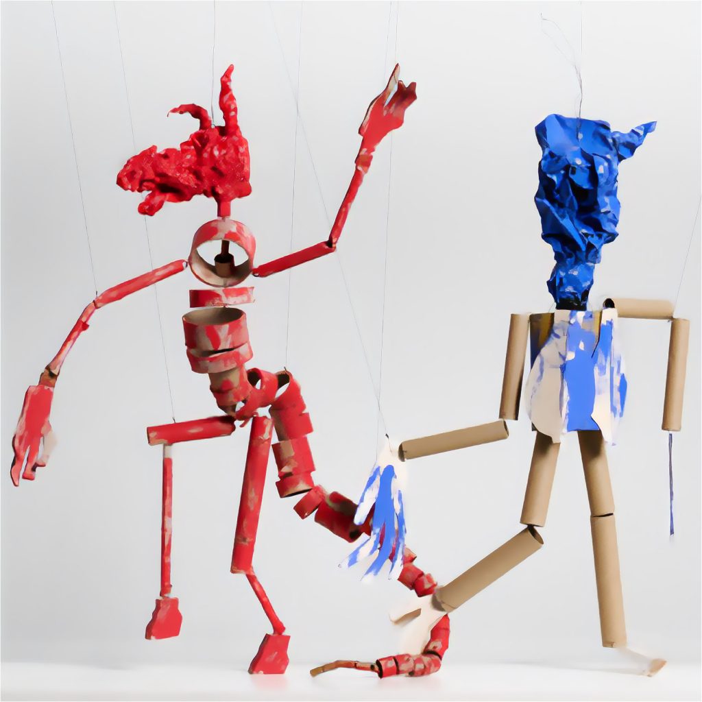 Wenn große Künstler zusammengeführt werden, entsteht Einzigartiges. So geschehen bei den Salzburger Festspielen 2025. Intendant Markus Hinterhäuser und Konzertchef Florian Wiegand ist es in Zusammenarbeit mit der Galerie Ropac gelungen, Georg Baselitz für die Oper „Die Geschichte vom Soldaten“ von Igor Strawinsky zu gewinnen. Er, einer der bedeutendsten Künstler der Gegenwart, hat die Marionetten entworfen und das Bühnenbild gestaltet. Leonard Winkler, der Bildhauer und Figurenbauer des Salzburger Marionettentheaters, hat die Bündel aus weißen Holzstäben mit riesigen Schuhen sowie markanten und farbigen Köpfen angefertigt. Regie führt Matthias Bundschuh, der hin und wieder poetische Schattenspiele zeigt oder eine Stichflamme, manchmal führt er auch die Puppenspieler sichtbar auf die Bühne. Ein weißes Bettlaken mit schwarzen Pinselzeichnungen reicht für das Bühnenbild.
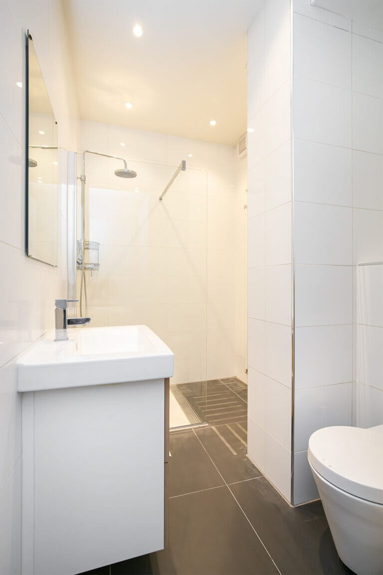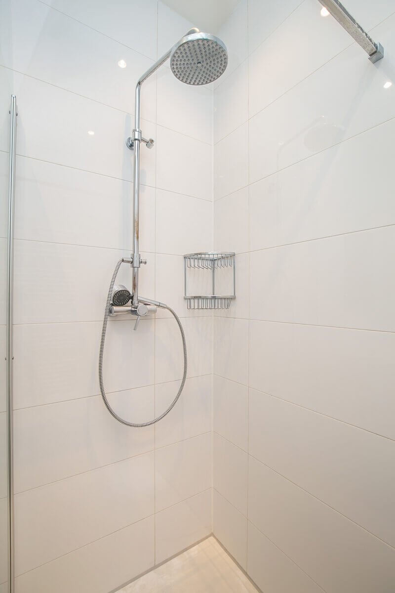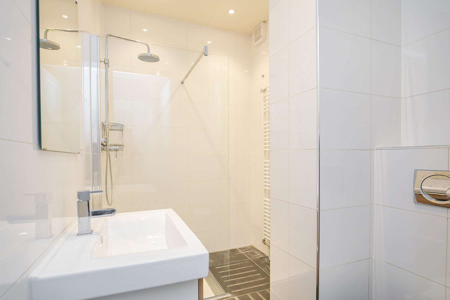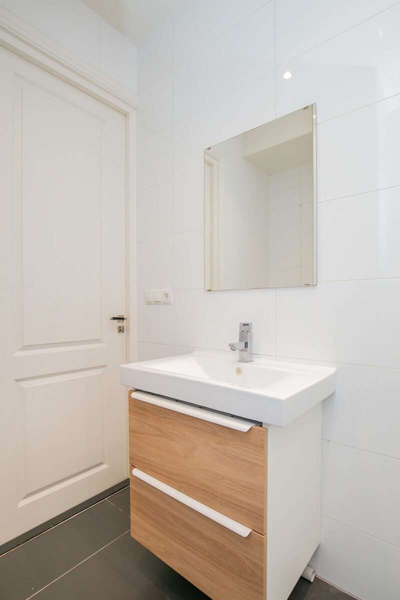 De luxe badkamer is voorzien van dubbele wastafel, inloopdouche en toilet.
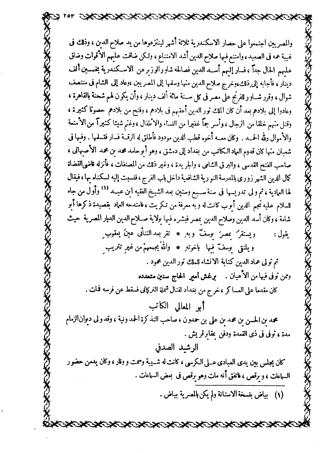 وَالْمِصْرِيِّينَ اجْتَمَعُوا عَلَى حِصَارِ الْإِسْكَنْدَرِيَّةِ ثَلَاثَةَ أَشْهُرٍ لِيَنْتَزِعُوهَا مِنْ يَدِ صَلَاحِ الدِّينِ، وَذَلِكَ فِي غيبة عمه في الصعيد، وامتنع فيها صلاح الدين أَشَدَّ الِامْتِنَاعِ، وَلَكِنْ ضَاقَتْ عَلَيْهِمُ الْأَقْوَاتُ وَضَاقَ عَلَيْهِمُ الْحَالُ جِدًّا، فَسَارَ إِلَيْهِمْ أَسَدُ الدِّينِ فَصَالَحَهُ شَاوَرُ الْوَزِيرُ عَنِ الْإِسْكَنْدَرِيَّةِ بِخَمْسِينَ أَلْفَ دِينَارٍ، فَأَجَابَهُ إِلَى ذَلِكَ، وَخَرَجَ صَلَاحُ الدِّينِ مِنْهَا وَسَلَّمَهَا إِلَى الْمِصْرِيِّينَ، وَعَادَ إِلَى الشَّامِ في منتصف شوال، وَقَرَّرَ شَاوَرُ للْفِرِنْجِ عَلَى مِصْرَ فِي كُلِّ سَنَةٍ مِائَةَ أَلْفِ دِينَارٍ، وَأَنْ يَكُونَ لَهُمْ شحنة بالقاهرة، وعادوا إِلَى بِلَادِهِمْ بَعْدَ أَنْ كَانَ الْمَلِكُ نُورُ الدين أعقبهم في بلادهم، وفتح من بلادهم حصونا كثيرة، وقتل منهم خلقا من الرجال، وأسر جما غفيرا من النساء والأطفال، وغنم شيئا كثيرا من الأمتعة والأموال وللَّه الْحَمْدُ. وَكَانَ مَعَهُ أَخُوهُ قُطْبُ الدِّينِ مودود فأطلق له الرقة فسار فتسلمها. وفيها فِي شَعْبَانَ مِنْهَا كَانَ قُدُومُ الْعِمَادِ الْكَاتِبِ مِنْ بَغْدَادَ إِلَى دِمَشْقَ، وَهُوَ أَبُو حَامِدٍ مُحَمَّدُ بْنُ مُحَمَّدٍ الْأَصْبَهَانِيُّ، صَاحِبُ الْفَتْحِ الْقُدْسِيِّ، والبرق الشامي، والجريدة، وَغَيْرِ ذَلِكَ مِنَ الْمُصَنَّفَاتِ، فَأَنْزَلَهُ قَاضِي الْقُضَاةِ كَمَالُ الدَّيْنِ الشَّهْرُزُورِيُّ بِالْمَدْرَسَةِ النُّورِيَّةِ الشَّافِعِيَّةِ دَاخِلَ بَابِ الْفَرَجِ، فَنُسِبَتْ إِلَيْهِ لِسُكْنَاهُ بِهَا، فَيُقَالُ لَهَا الْعِمَادِيَّةُ، ثُمَّ وَلِيَ تَدْرِيسَهَا فِي سَنَةِ سَبْعٍ وَسِتِّينَ بَعْدَ الشَّيْخِ الْفَقِيهِ ابْنِ عَبْدٍ [1] وَأَوَّلُ مَنْ جَاءَ لِلسَّلَامِ عَلَيْهِ نَجْمُ الدِّينِ أيوب كانت له وبه مَعْرِفَةٌ مِنْ تَكْرِيتَ، فَامْتَدَحَهُ الْعِمَادُ بِقَصِيدَةٍ ذَكَرَهَا أبو شامة، وكان أسد الدين وصلاح الدين بِمِصْرَ فَبَشَّرَهُ فِيهَا بِوِلَايَةِ صَلَاحِ الدِّينِ الدِّيَارَ الْمِصْرِيَّةَ حَيْثُ يَقُولُ:
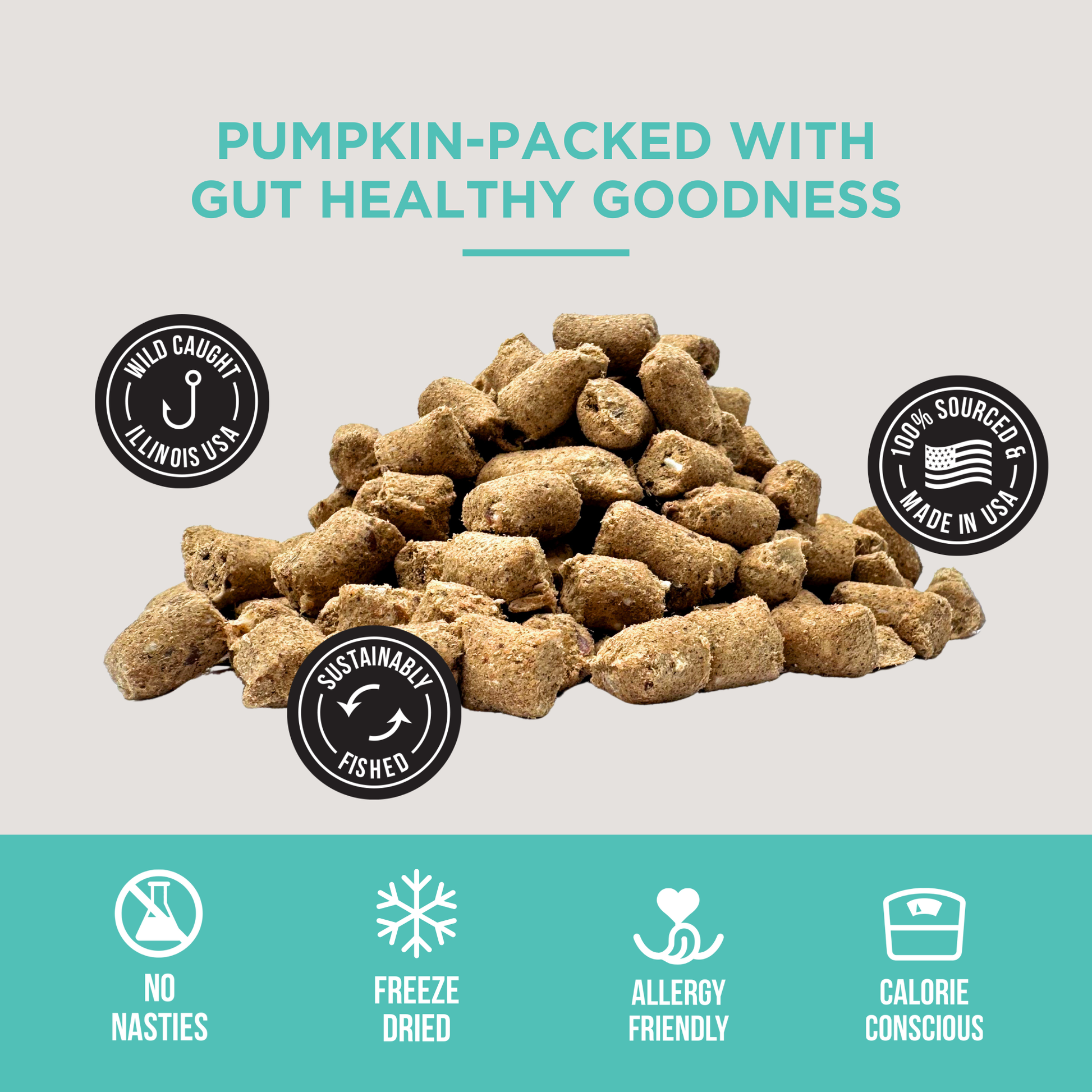 We all know there are many fish in the sea, but did you know there are actually TOO many fish in the Great Lakes? Silver Carp are an invasive species that are endangering our natural waterways, and they need to be thinned out before they invade the Great Lakes. That's where we come in. We source flaky, tasty, wild caught Silver Carp that is a healthy, top feeding fish an pair it with pumpkin, flaxseed an cold-pressed coconut oil for our limited ingredient treats! What truly makes our fish treats different is this: we partner with local, Illinois fisherman to source Silver Carp and then freeze dry them at their peak nutritional moment making them the perfect gill-ty pleasure for your pup without scaling back on quality & flavor!
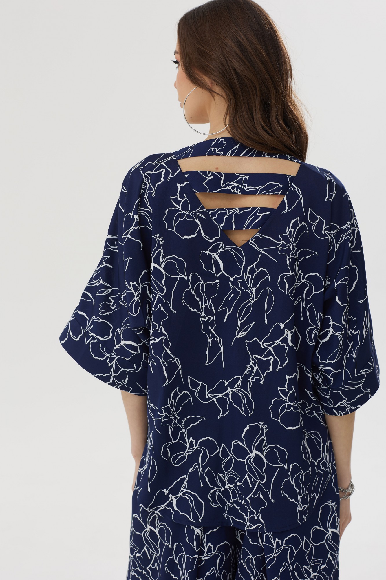 Стильная блузка прямого силуэта покроя ‘летучая мышь’ из струящейся ткани с принтом. Горловина лодочка. На спинке V-образный вырез горловины с декоративными планками. По низу рукава манжета. Низ блузки фигурный.
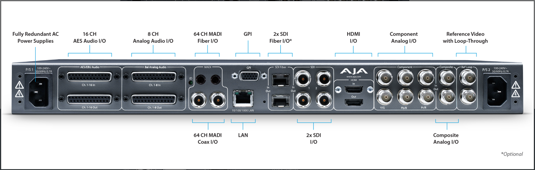 De FS1-X is uitgerust met uitgebreide I/O voor het converteren tussen de meest uiteenlopende analoge en digitale signalen. Perfect voor gebruik in alle broadcast- en postproductieomgevingen, met 3G-SDI in- en uitgangen, HDMI, uitgebreide meerkanaals audioaansluitingen die de nieuwste standaarden ondersteunen en I/O voor analoge videoapparatuur, inclusief HD- en SD-component.
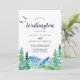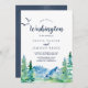 This Washington mountain destination wedding invitation is perfect for an outdoor wedding. The design features a blue and green painted wilderness landscape with watercolor pine trees, birds and mountains. Customise this invitation for any mountain destination wedding location.
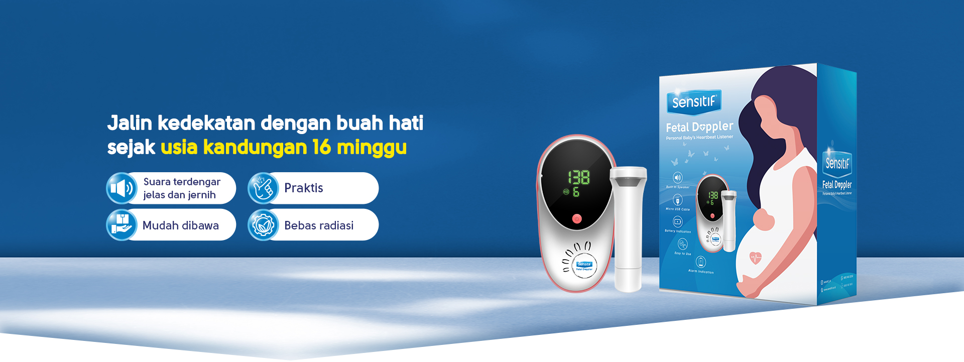 Sensitif Fetal Doppler mudah digunakan, praktis, dan aman digunakan sejak usia kehamilan 16 minggu. Dilengkapi dengan layar digital dan suara yang jernih, Sensitif Fetal Doppler dapat menjadi alat bonding yang indah antara Bunda dan buah hati sejak dalam kandungan.
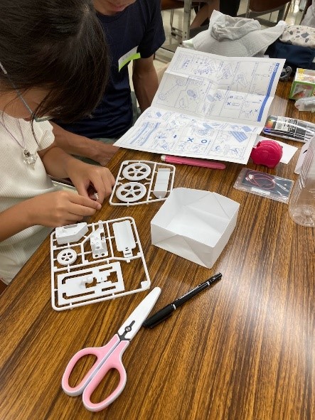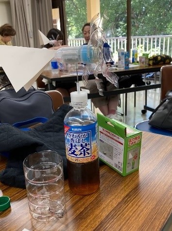 また、ペットボトルの種類によって、炭酸飲料のボトルなどは硬くて重いので風を受けても風車が回りにくく、薄すぎると風車に角度をつけたりし辛いので、ちょうどよい薄さ軽さのペットボトルを持参いただきました。
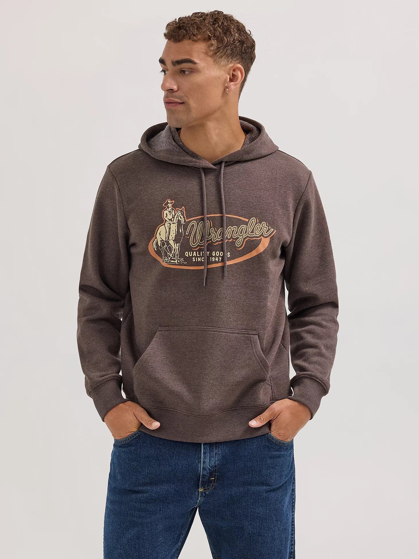 Are you ready for cooler weather? This wrangler logo hoodie is made of a comfy cotton blend for optimum warmth and features a brushed back fleece construction that's cozy enough to take on anything the day has in store. Plus, this sweatshirt comes with a pouch pocket in the front and a drawstring closure for you to find the perfect fit.

......

What you are asked to do
There should be an exact restatement of the lines from the line with "Sensitif Fetal Doppler mudah" through the last line of the entries above, and no pictures in it.

Response area
 Sensitif Fetal Doppler mudah digunakan, praktis, dan aman digunakan sejak usia kehamilan 16 minggu. Dilengkapi dengan layar digital dan suara yang jernih, Sensitif Fetal Doppler dapat menjadi alat bonding yang indah antara Bunda dan buah hati sejak dalam kandungan.
 また、ペットボトルの種類によって、炭酸飲料のボトルなどは硬くて重いので風を受けても風車が回りにくく、薄すぎると風車に角度をつけたりし辛いので、ちょうどよい薄さ軽さのペットボトルを持参いただきました。
 Are you ready for cooler weather? This wrangler logo hoodie is made of a comfy cotton blend for optimum warmth and features a brushed back fleece construction that's cozy enough to take on anything the day has in store. Plus, this sweatshirt comes with a pouch pocket in the front and a drawstring closure for you to find the perfect fit.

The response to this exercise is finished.